Help Desk: How to Scout New Brands

With retailers working harder than ever to excite the customer, many are seeking new brands to create a point of difference. But where can they go to find fresh resources?

In this economy, footwear retailers everywhere are scrambling to gain an edge on the competition. Many are turning to new designers and brands to bring excitement to their shelves. But it isn’t always easy to find them.

To track down new talent, store owners say they are looking beyond the trade show circuit and getting creative. Chuckies New York, for instance, has an open-door policy. “We do allow new designers to come to the shop and show us what they have,” said the store’s owner, Richard Erani. “We usually never turn down an [appointment with an] aspiring new designer.”

Bloomingdale’s began holding designer open calls in February. Some of these will be among the 17 new shoe brands the department store is adding to its roster for fall ’09.

The Internet also has become an increasingly important tool for hunting for up-and-coming designers and brands. “Things have changed from 10 years ago because we have access to so much more information,” said Julie Gilhart, SVP and fashion director at Barneys New York, who receives hundreds of e-mails and links to blogs and Websites touting new labels. “If you’re paying attention, it’s easy to see new things, but it’s much harder to find product that is of good quality and that has a future. We have to be super-selective.”

Tom Mendes, founder of the Plaza Too boutiques in New York and Connecticut, said he regularly trolls the Web in search of new product and inspiration. “I am an Internet junkie,” said Mendes, whose addiction recently helped him expand his clog business. After posting a message on the store’s Facebook page asking people to respond with their favorite clog brands, Mendes scored a good tip on a new line, although he declined to reveal what it is. “I can’t tell you how often I do little surveys like that,” he said.

Other retailers are turning to current contacts for leads on new ones. John Harris, owner of designer boutique Gregory’s in Dallas, taps his factory connections to find up-and-comers. “When you’ve been going to Italy for a long time, you have people who are your friends and they help you. Most factories are making shoes for different brands, so if you’re doing direct business and someone else manufactures there, [it’s a good entrée to that brand],” he said.

Exclusives are another way Plaza Too is striving to set itself apart in a tough climate. “You have to look at your existing partnerships and see what you can do that could be different,” Mendes said. “It may not be a new brand, but simply [a style] that is new and exclusive to your store.”

Gilhart noted that Barneys’ recent exclusive line of eco-friendly Keds designed by Loomstate “was a way to bring newness and innovation to the store at a time when people are really looking at prices.”

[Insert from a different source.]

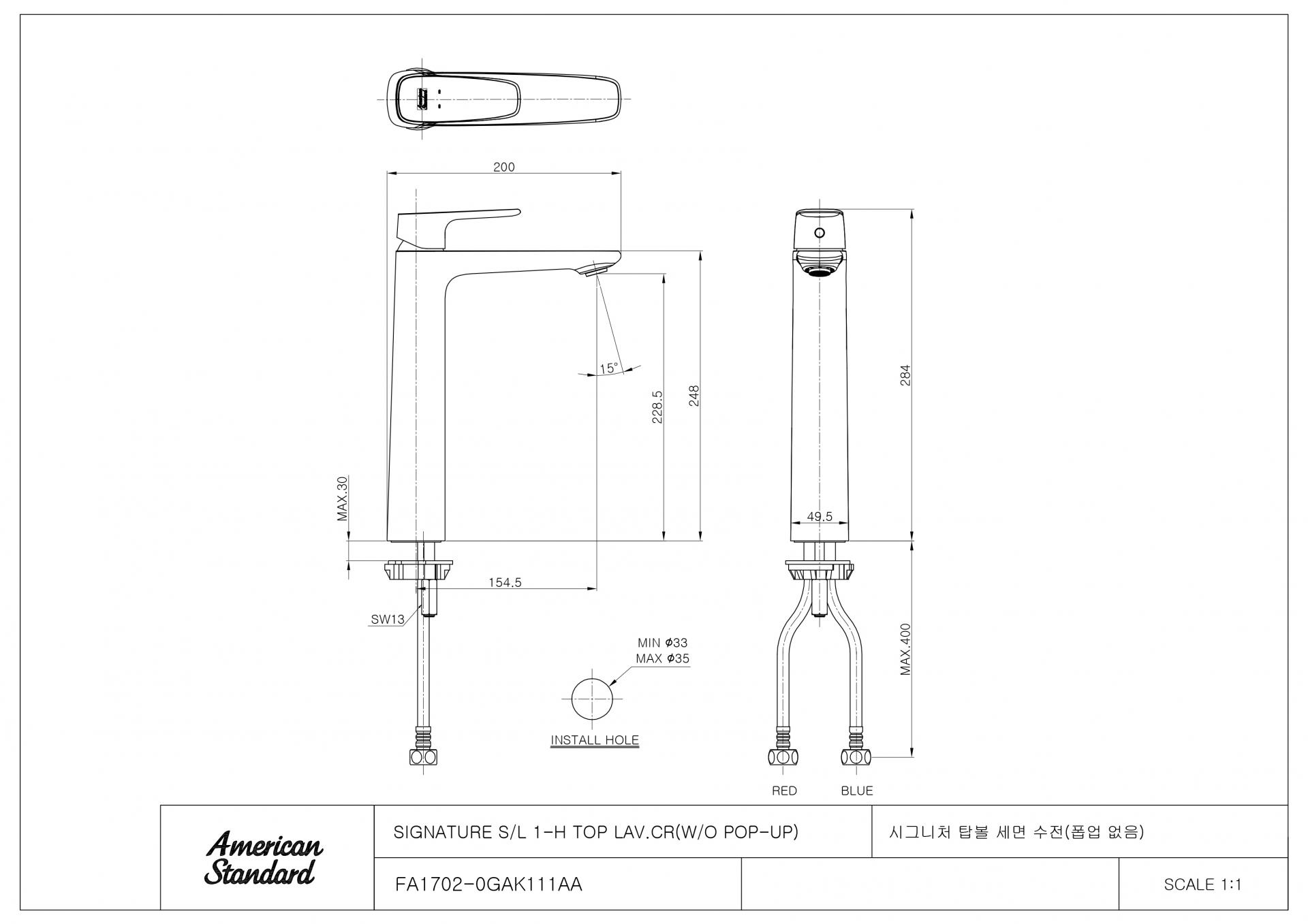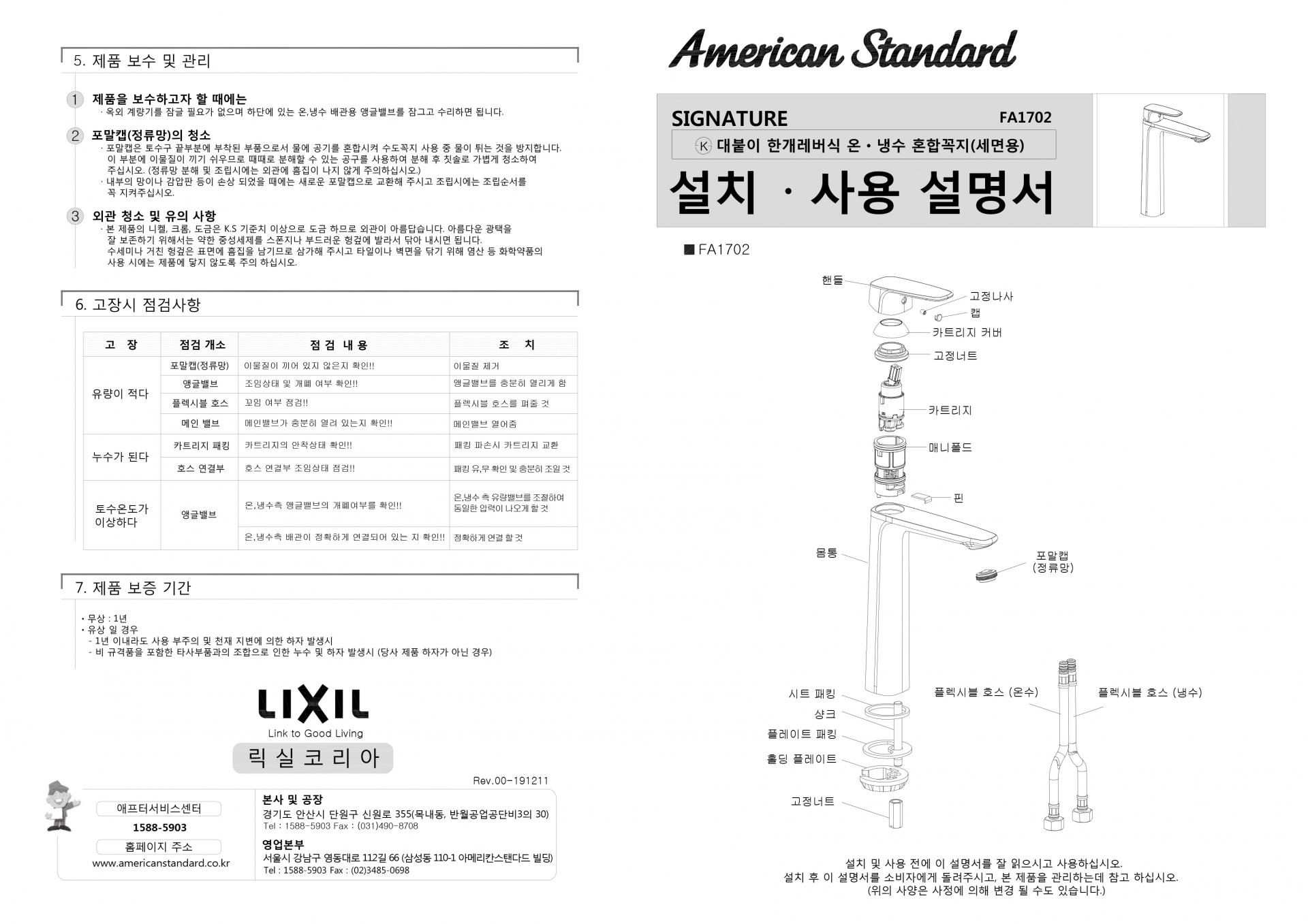 아메리칸스탠다드 1702 시그니쳐 탑볼 원홀 세면수전
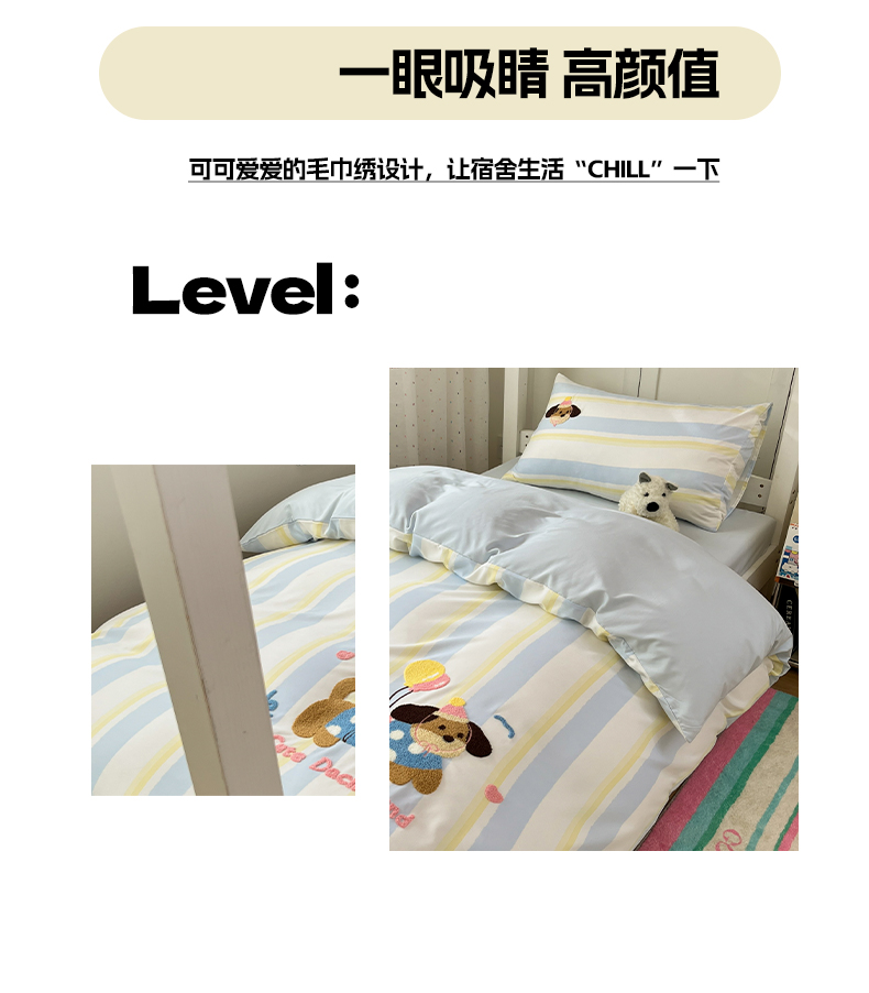 当前位置: 91家纺网 > 商品网购 > 床品套件 > 三件套 > 如一 2025新款A类卡通毛巾绣水洗云朵棉学生宿舍床三件套 可爱狗

If exclusivity is not an option, there are other ways to work with rising designers, retailers said. “I wouldn’t ask a designer to do exclusives for me because I don’t have [multiple] stores,” said Patti Silver, co-owner of Fred Segal Feet in Los Angeles. “But if a new designer’s shoes are exciting, I might make a deal with them.” For example, if certain styles don’t sell through, the designer agrees to swap them out for something else.

Mendes negotiated a consignment agreement when he took on the new H. Williams collection for fall ’09. “It’s a partnership,” he explained. “We are paying for everything we sell, and we’ll see what we can do with the rest.” Mendes said he is open to swapping out unsold pairs for new product. “We are looking to go forward with [the line] — not to say [later that] we sold two pairs and now it’s over.”

Having a strong relationship with designers can also help open doors to new resources when a designer moves on to a new role. “We actually went to see Bally because we knew Brian Atwood is now designing there,” said Chuckies’ Erani.

But Erani noted that despite all the different scouting strategies, uncovering new talent is still hit or miss. “There is really no magic technique for finding creative new designers,” he said.